Problem requirements: In the entries below, find the line with "Walk in the" and the line with "Bức tường xếp". Reproduce those two lines and every line between them exactly, and nothing more.

Information:

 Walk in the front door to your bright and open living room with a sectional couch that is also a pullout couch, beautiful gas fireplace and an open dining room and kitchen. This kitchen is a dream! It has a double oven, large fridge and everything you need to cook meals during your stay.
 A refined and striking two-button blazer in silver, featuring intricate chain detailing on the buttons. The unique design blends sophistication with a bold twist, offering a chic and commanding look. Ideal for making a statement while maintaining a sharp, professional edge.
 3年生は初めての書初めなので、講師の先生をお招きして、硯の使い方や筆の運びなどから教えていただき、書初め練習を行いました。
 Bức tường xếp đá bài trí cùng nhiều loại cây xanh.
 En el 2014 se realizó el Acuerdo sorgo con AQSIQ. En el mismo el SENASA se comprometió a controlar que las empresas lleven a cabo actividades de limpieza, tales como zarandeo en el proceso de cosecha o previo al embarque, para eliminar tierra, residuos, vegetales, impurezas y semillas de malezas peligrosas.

--

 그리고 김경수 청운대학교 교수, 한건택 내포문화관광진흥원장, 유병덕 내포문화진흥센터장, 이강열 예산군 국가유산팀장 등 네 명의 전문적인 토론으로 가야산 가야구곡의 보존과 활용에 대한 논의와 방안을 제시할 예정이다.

* * *

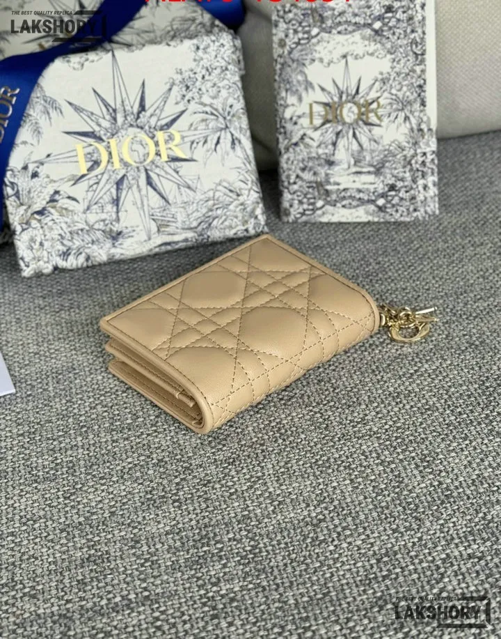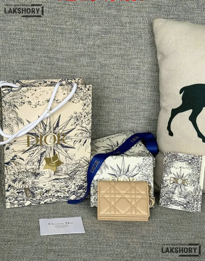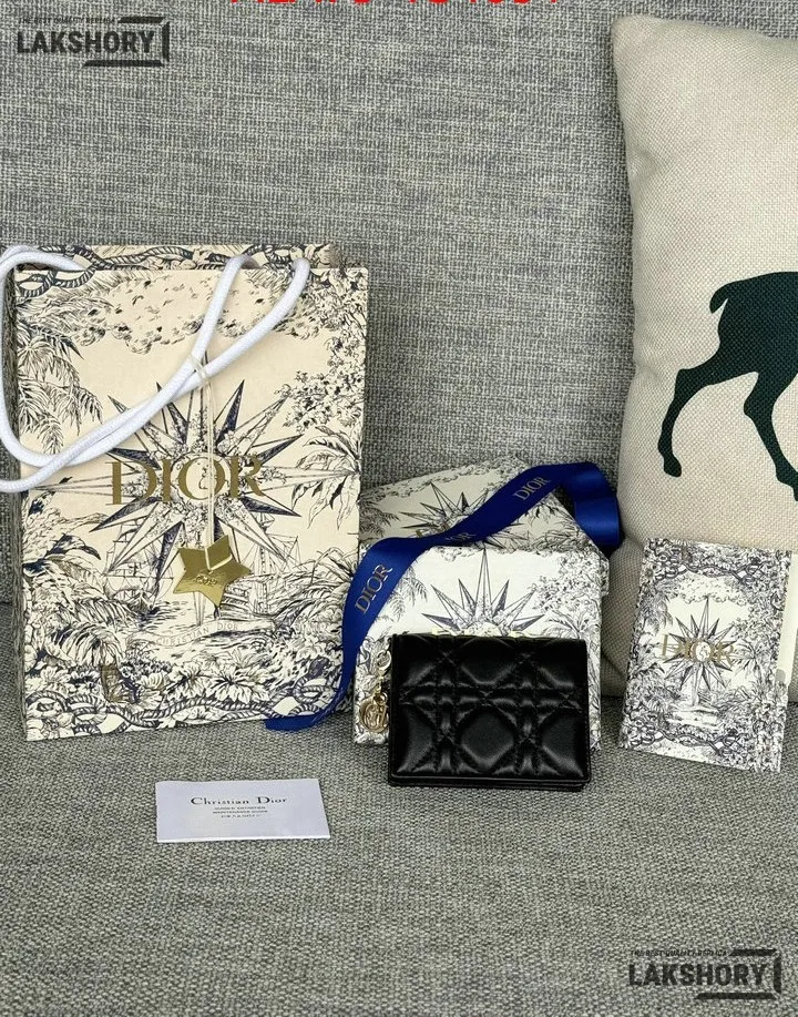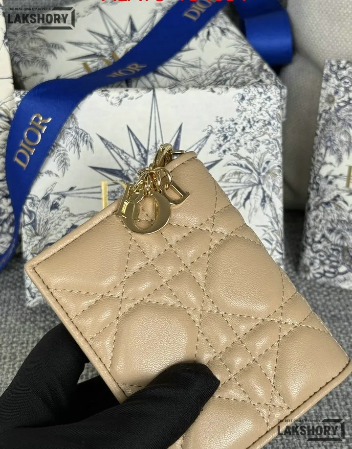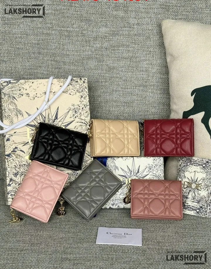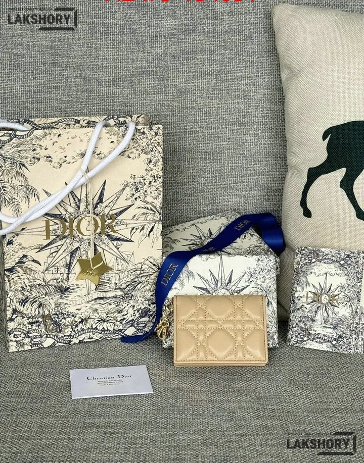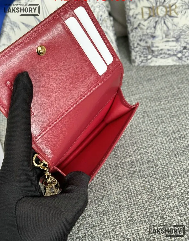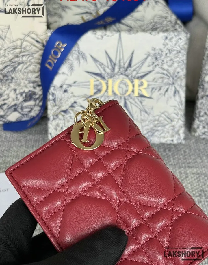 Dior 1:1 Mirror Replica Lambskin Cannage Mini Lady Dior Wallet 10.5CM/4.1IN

Task answer:
 Walk in the front door to your bright and open living room with a sectional couch that is also a pullout couch, beautiful gas fireplace and an open dining room and kitchen. This kitchen is a dream! It has a double oven, large fridge and everything you need to cook meals during your stay.
 A refined and striking two-button blazer in silver, featuring intricate chain detailing on the buttons. The unique design blends sophistication with a bold twist, offering a chic and commanding look. Ideal for making a statement while maintaining a sharp, professional edge.
 3年生は初めての書初めなので、講師の先生をお招きして、硯の使い方や筆の運びなどから教えていただき、書初め練習を行いました。
 Bức tường xếp đá bài trí cùng nhiều loại cây xanh.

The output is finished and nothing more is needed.